You know, "the more things change, the more they stay the same," which is true, of course. Teenagers are always going to experiment sexually, socially, risk themselves romantically and emotionally with passion and perhaps not a lot of forethought"that's their job. It's just that when I was a kid, the kind of notoriety that followed a bad move could be contained. You didn't read about it on Page Six or Gawker . Parents didn't sue schools for suspending kids, or each other, although probably some of the scores raised in my book might have been settled through fists, violence, and the court of the streets. Lives have always been ruined by heedless acts, but perhaps not so loudly and thoroughly. So in some ways the stakes have changed.
The other big change I see is in sex roles. Growing up in the '70s, feminism was a big part of my consciousness and the rhetoric in the world that surrounded me. As girls, we were taught that we needed to have our own careers and aspirations, we needed to be able to take care of ourselves. We were taught not to depend on our sexuality to get us ahead. Again and again, I heard: You girls can do anything you want. And clearly, many things have changed for women for the better. My little friend from elementary school Elena Kagan grew up to be a Supreme Court justice. Call that pride by lack of association, as I haven't seen her in 35 years, but boy, am I thrilled about her. What amazed me when my children were in private school was the amount of highly educated women, with M.B.A.s and Ph.D.s and law degrees, who opted out of the workforce. They often did this for good, loving parental reasons"to be active parents to their kids.
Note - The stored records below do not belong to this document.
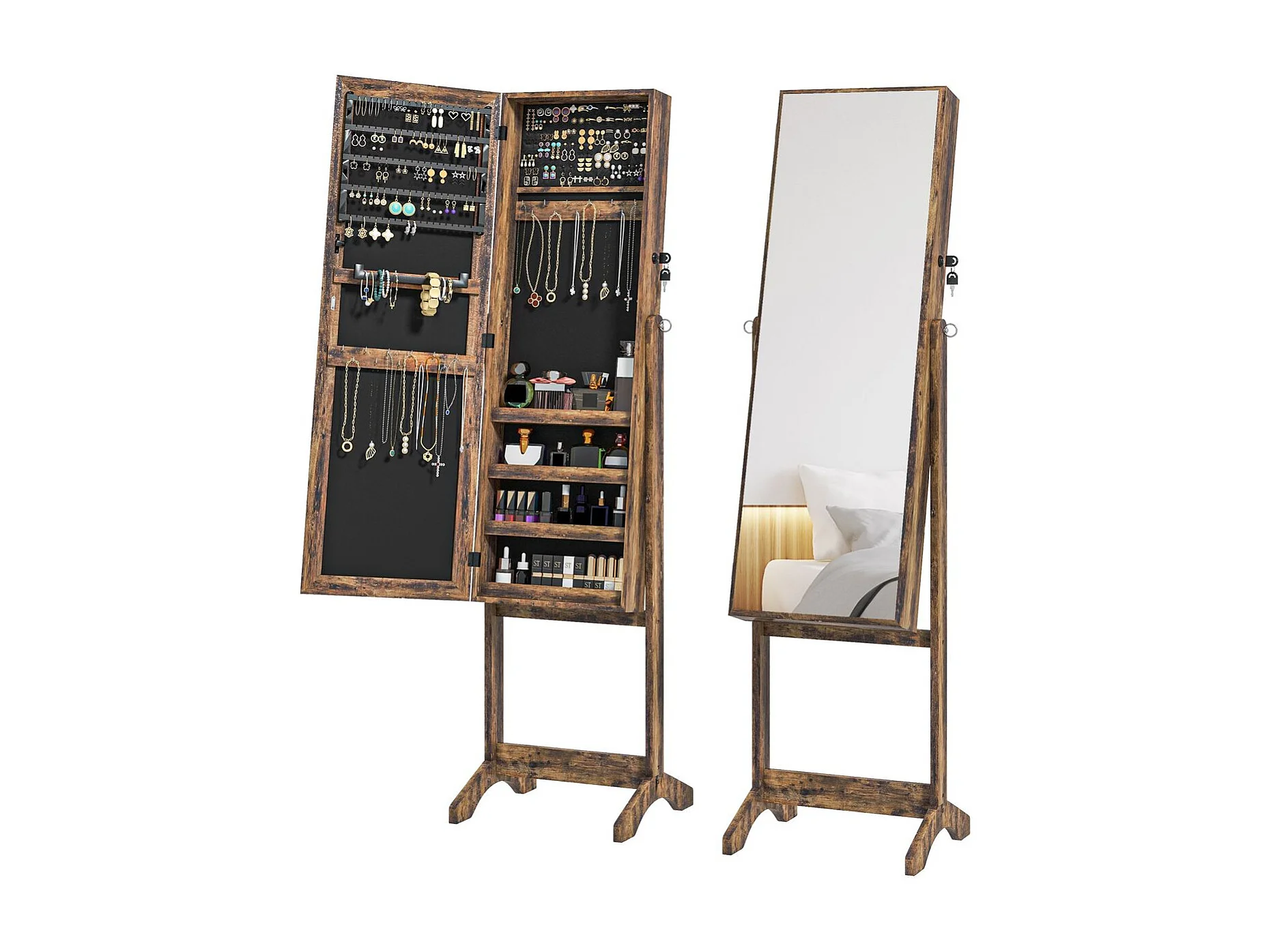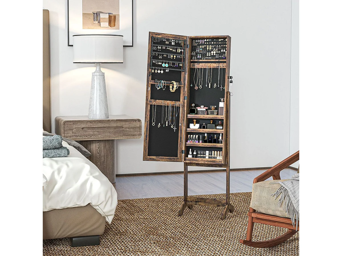 Armario de Joyas SucceBuy de Pie de Madera, Cofre de Almacenamiento de Joyas con 4 Cajones, Espejo Plegable, 4 Compartimentos de Almacenamiento Superiores, Asas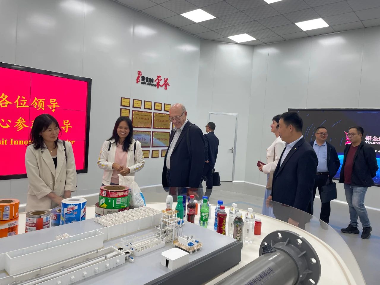 在達新源生產線夏總向彼得科維奇院士介紹了PETG產品的市場推廣應用情況,彼得科維奇院士對銀金達PETG產品取得的市場地位感到由衷贊嘆。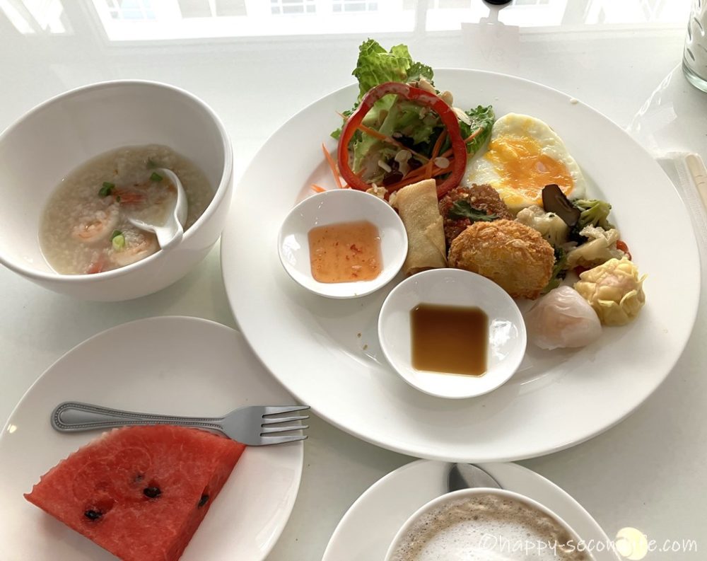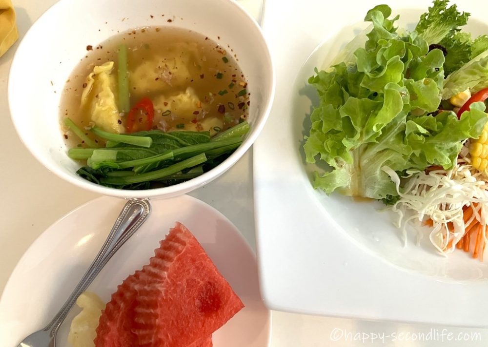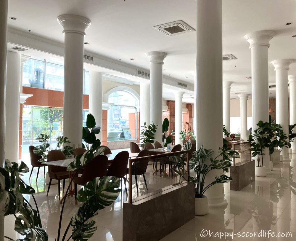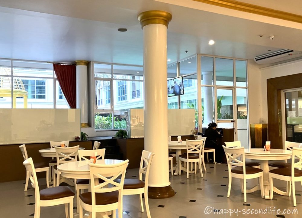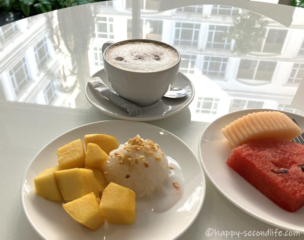 ちょっとうれしいのはウエルカムドリンクとケーキのサービスがあることです。ロビーにあるレストランでいただくのですが、タイにしては珍しく生クリームを使ってふんわりした日本のようなケーキです。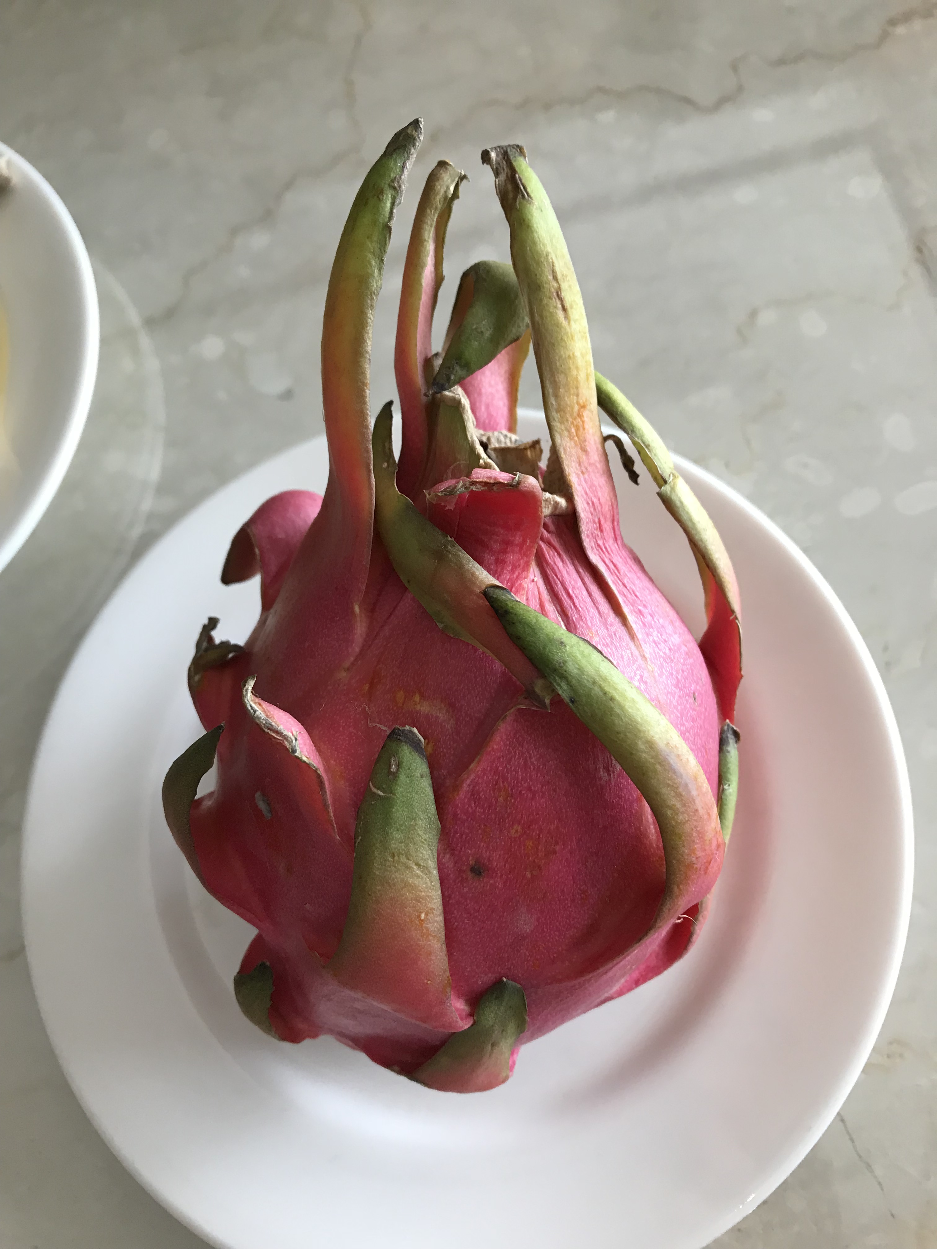 Still so much that’s new in India. Today I tried ‘Dragon Fruit’ or ‘pitaya’. I’ve seen them in supermarkets in the UK, but never known how to eat them. I asked the man delivering them, and he said to cut it lengthways into quarters, and then gently pull back the peel. I washed it first, just to eliminate chance of eating germs. It looks really amazing. It tastes really disappointing! Is okay, but nowhere near as exciting as it looks. Apparently, they are very good for you, and full of cancer-fighting nutrients. They grow on cacti.

They had all the choice in the world, and they chose to stay home. I found that interesting. But still"the brain drain! And what was to be done with all that drive and intelligence? Similarly, men who also had choices (a minority"most of us have no choice but to work as much as we can) seemed locked in a different paradigm. All the flexibility the '70s promised in the workplace and the family seemed to me a vanished dream. These guys appeared to shoulder a tremendous amount of responsibility for their families, and in this way we'd almost moved backward, it seemed. The message then to many young girls, even young girls
of privilege, from what they see at home, school, in the media, in the fashion magazines, and in the stores, was that the way to get what you want was through sexuality and appearance. Oddly enough, even though we did not have the same opportunities these kids have, my friends and I as teenagers did not see ourselves like that.